Jonathan Helfgott

At Johns Hopkins, Jonathan S. Helfgott is a Program Coordinator and senior lecturer for the MS in Regulatory Science program.

Outside of Johns Hopkins, Helfgott is the executive director of global regulatory/clinical affairs and market access at Stage 2 Innovations. Prior to joining Stage 2 Innovations, Helfgott was the associate director for risk science within the Office of Scientific Investigations at FDA’s Center for Drug Evaluation & Research. Earlier, Helfgott was at the FDA’s Center for Devices and Radiological Health within the Division of Bioresearch Monitoring, where he specialized in computerized systems used in FDA regulated clinical investigations, teaching Clinical Development of Drugs & Biologics, International Regulatory Affairs, Validation in Biotechnology, and Biomedical Software Regulations.

Helfgott is the co-editor of the Food and Drug Law Institute’s 2009 Publication, “Biomedical Software Regulation.” He also has been published in peer-reviewed journals such as Applied Clinical Trials, RAPS Focus, Association of Clinical Research Professionals, FDLI Update, Touch Briefings, and Medical Device and Diagnostic Industry.

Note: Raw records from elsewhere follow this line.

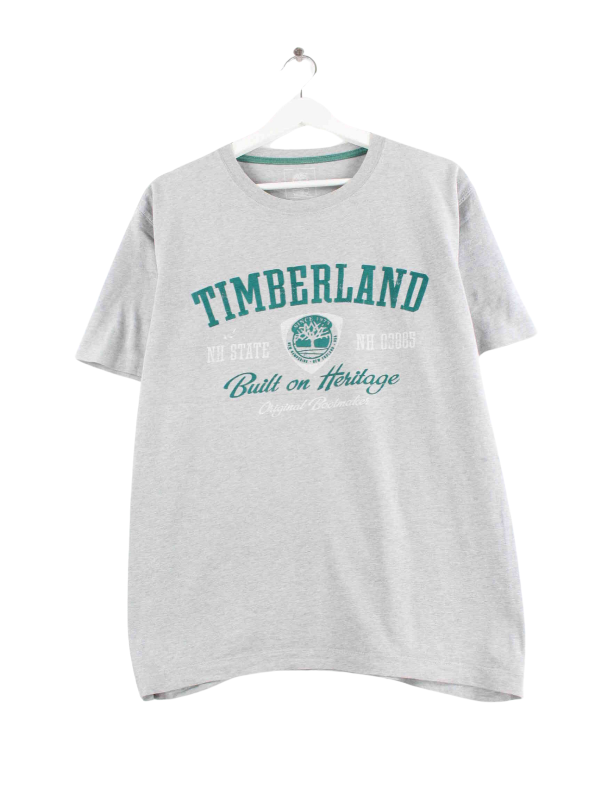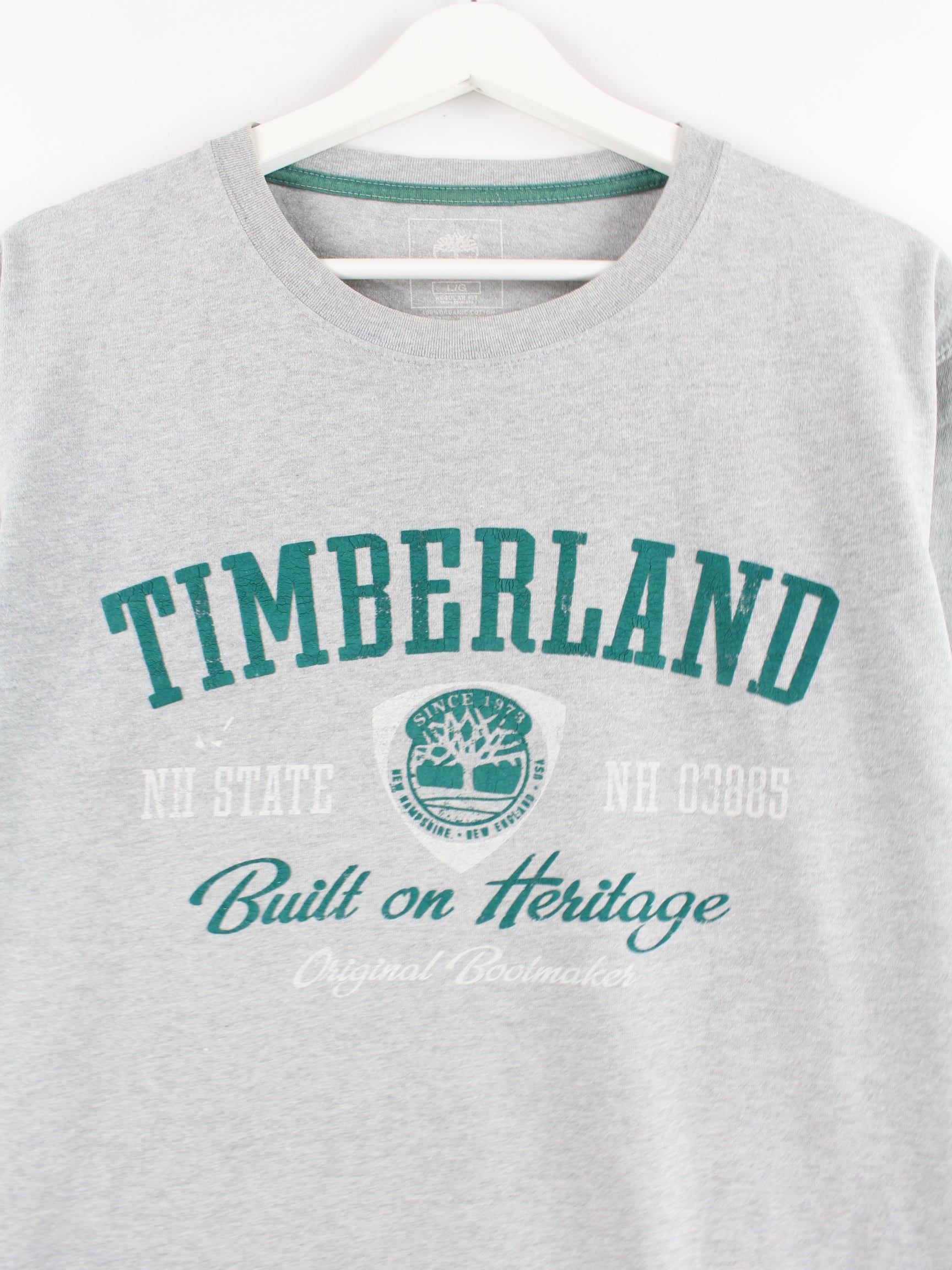 Graues T-Shirt der Marke Timberland in Größe L. Es ist aus Baumwolle und in gutem Zustand on Stock.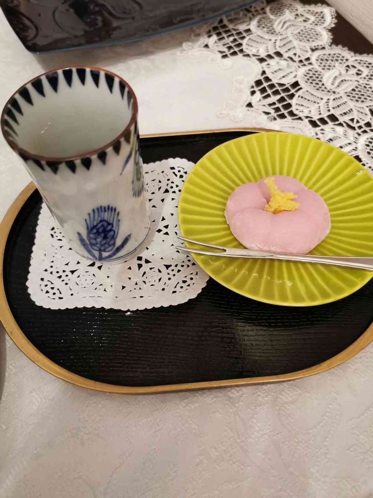 有田焼を買ったお店で、お茶(アールグレイティー)をいただきました。和菓子付で。🥰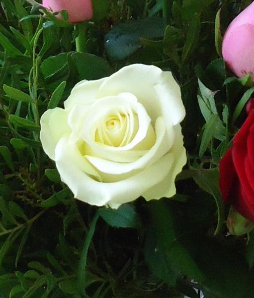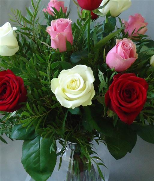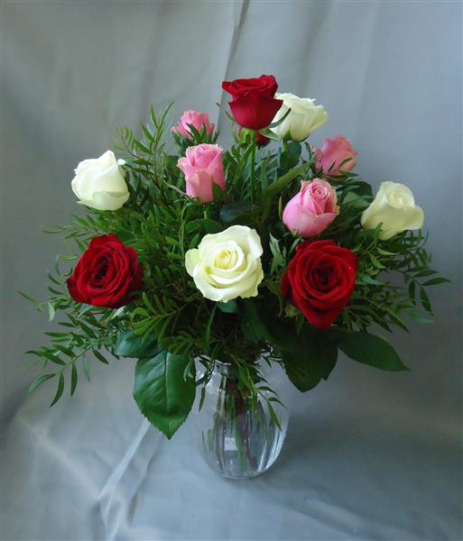 A A pretty mixture of 12 mixed red , pink and white roses presented in a vase for an instant display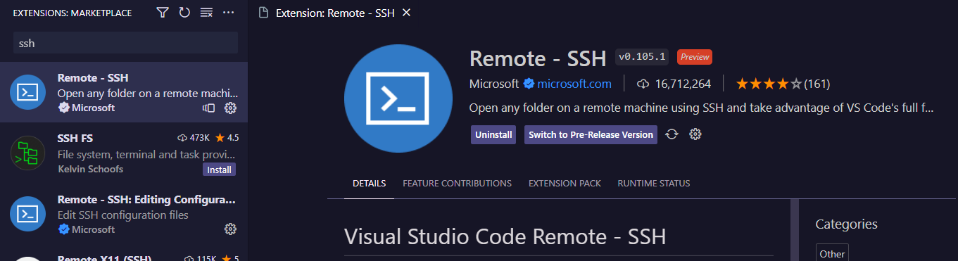 1. VS Code를 연 후 Extension에서 Remote - SSH를 다운로드
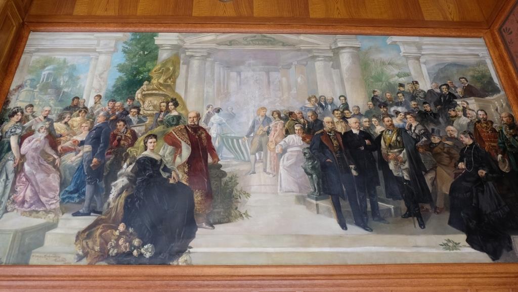 Many paintings are on display. Here one of the local artist Wilhelm Schneider. 1914 he captured on it not only emperor Franz Josef I and his wife but also many other famous visitors, among them Beethoven, Goethe, Chancellor Metternich and Pope Leo XII.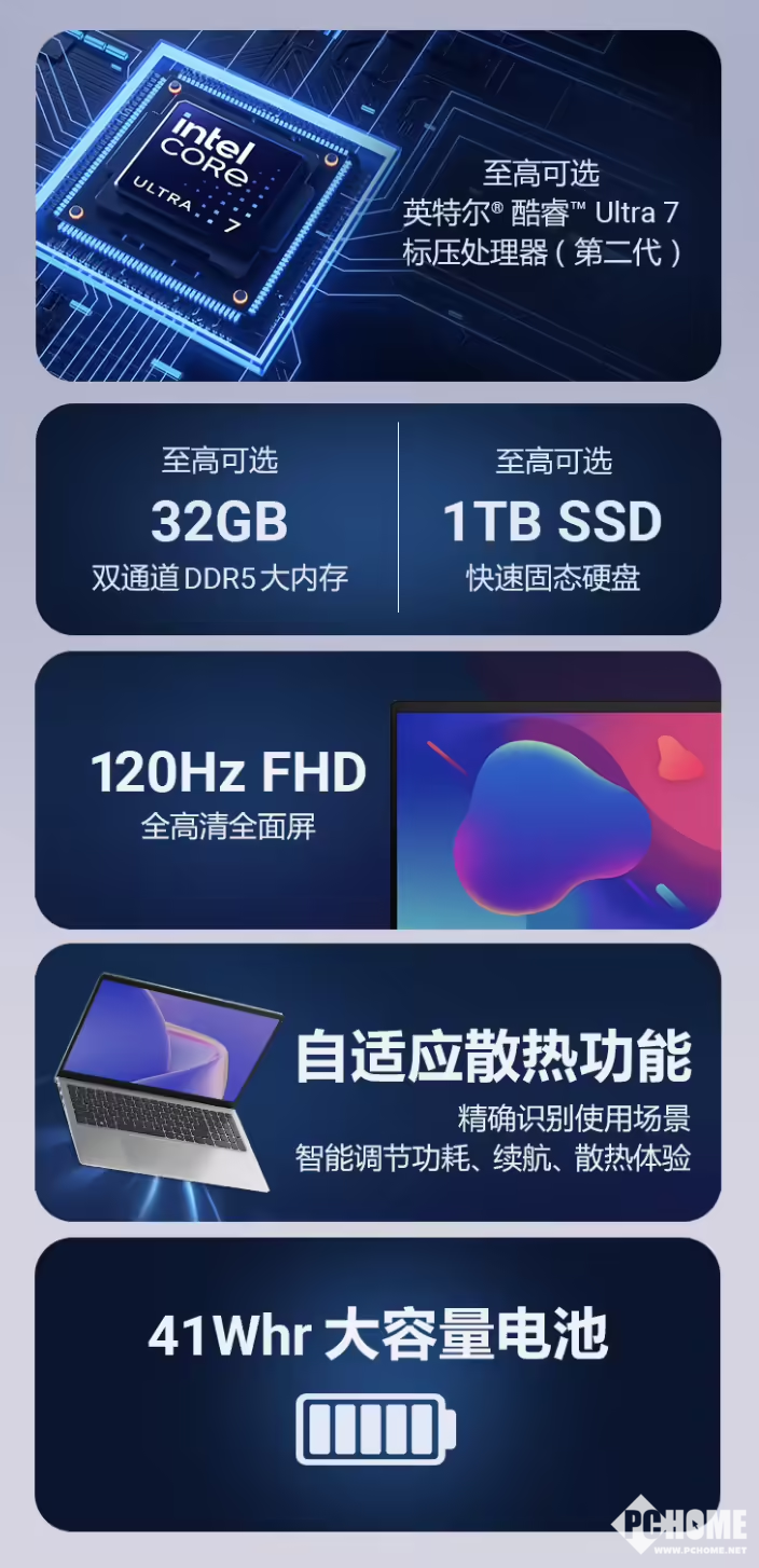 该机处理器搭载英特尔酷睿Ultra 200H系列(Ultra 5-225H / Ultra 7-255H),属于第三代酷睿Ultra移动处理器,强化了AI算力与能效表现。全系存储标配16GB内存,硬盘可选512GB或1TB SSD,满足主流办公与轻度创作需求。屏幕配备120Hz高刷新率显示屏,提升了视觉流畅度。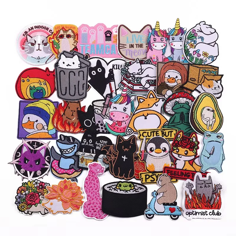 Parche bordado de dibujos animados aguacate y gatos, parches para planchar para ropa, parches termoadhesivos para ropa, pegatinas para planchar de animales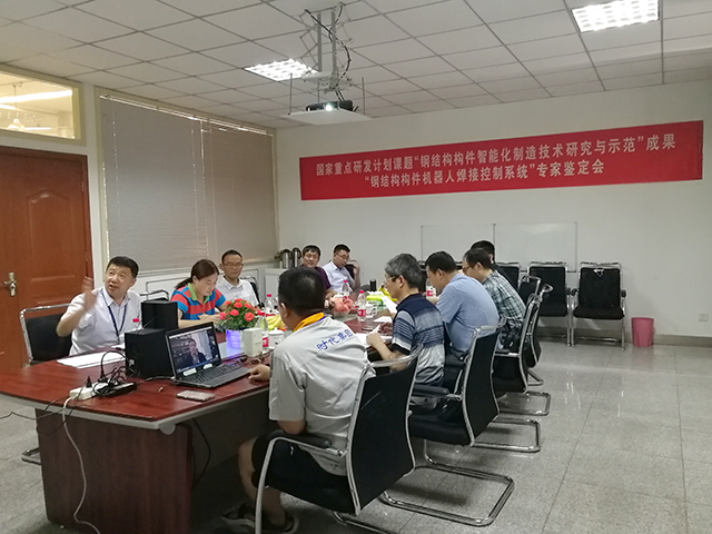 On July 31, 2020, the research group of the Research and Demonstration of Intelligent Manufacturing Technology for Steel Structure Components, a research topic covered by the National Key Research & Development Project, held a scientific and technological achievements appraisal conference in Jinan to carry out technical appraisal on the “Robot Welding Control System for Steel Structure Components”, a research result of foresaid research topic. The experts attend the appraisal conference came from Tsinghua University, Beihang University, Beijing University of Technology, Shandong University and University of Jinan. Yinquan Yu, a nationally renowned survey and design master who is in charge of the “Key Technology and Demonstration of Industrialized Construction Parts and Components Manufacturing” project, and Doctor Zhang Di who is in charge of the “Research and Demonstration of Intelligent Manufacturing Technology for Steel Structure Components” project attended the conference. Beijing TIME Technologies Co., Ltd. is the undertaking unit of the research task “Robot Welding Control System for Steel Structure Components”, and task leader Yunjie Bao and the members of the research team reported the technical results to the expert panel. The appraisal expert panel listened to the report, watched the live demonstration, reviewed the technical data, and formed expert opinions after discussion. The expert panel agreed that the robot welding control system for steel structural components is at the leading level in China, with welding seam positioning and arc tracking accuracy reach the international advanced level. The experts unanimously agreed that the scientific and technological achievements passed the appraisal.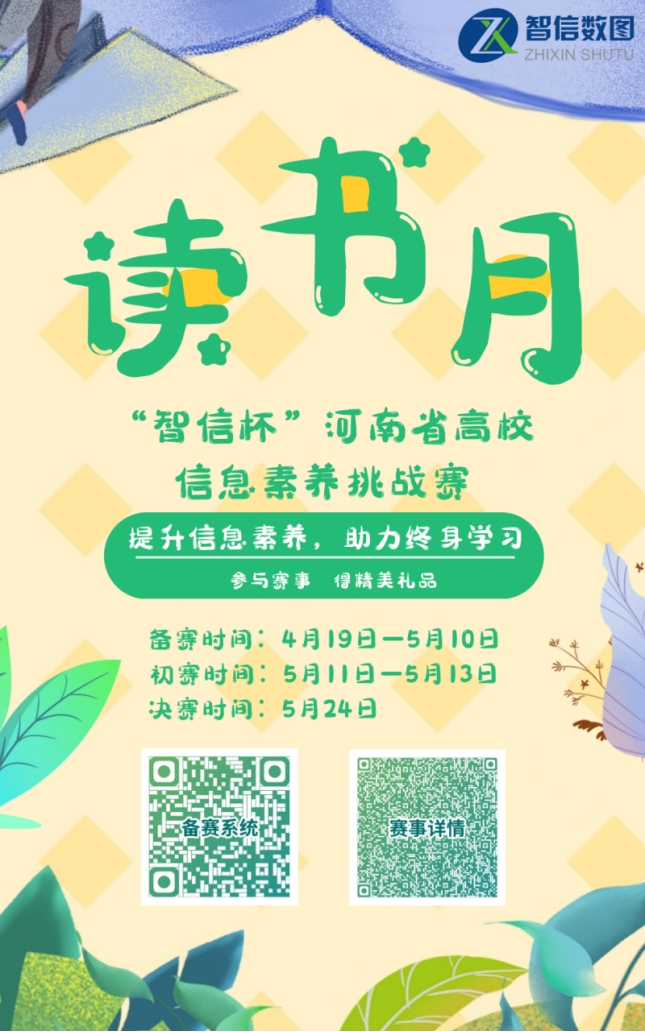 大赛已于4月19日正式启动,意向参赛的学生请关注图书馆网站《河南工业贸易职业学院关于组织开展第三届“智信杯”河南省高校信息素养挑战赛活动的通知》或到图书馆服务台了解大赛详情。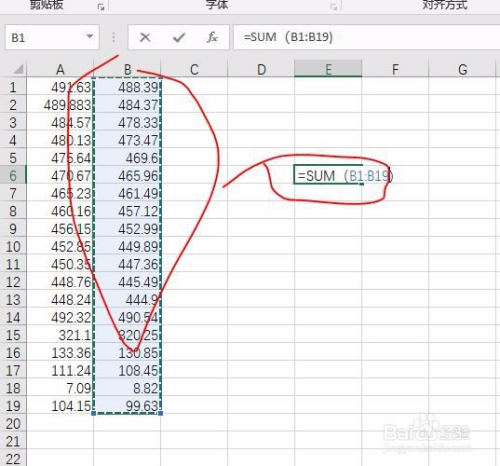 第四:在选择的单位呈现=SUM(),在括号内添加需要计较区域。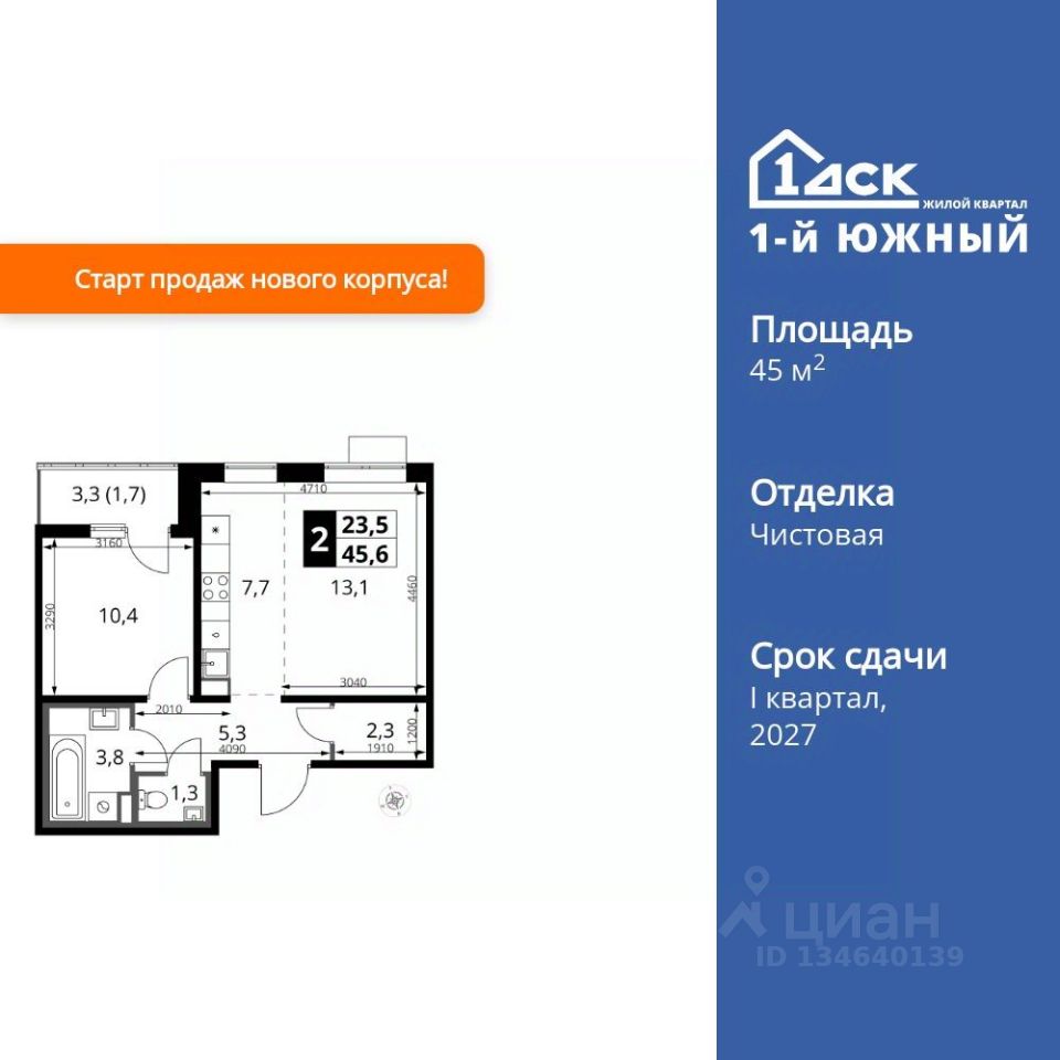 Продаётся 2-к квартира номер 202 общей площадью 45.6 кв.м. на 15-м этаже 24 этажного здания. Чистовая отделка.

Helfgott also continues to lecture and be involved with various regulatory professional organizations such as DIA, ACRP, RAPS, SoCRA, SCDM, AdvaMed, CHI, CBI, and FDANews.

Helfgott received a Bachelor of Science in cell biology and molecular genetics from the University of Maryland College Park and a Master of Science in bioscience regulatory affairs from Johns Hopkins University.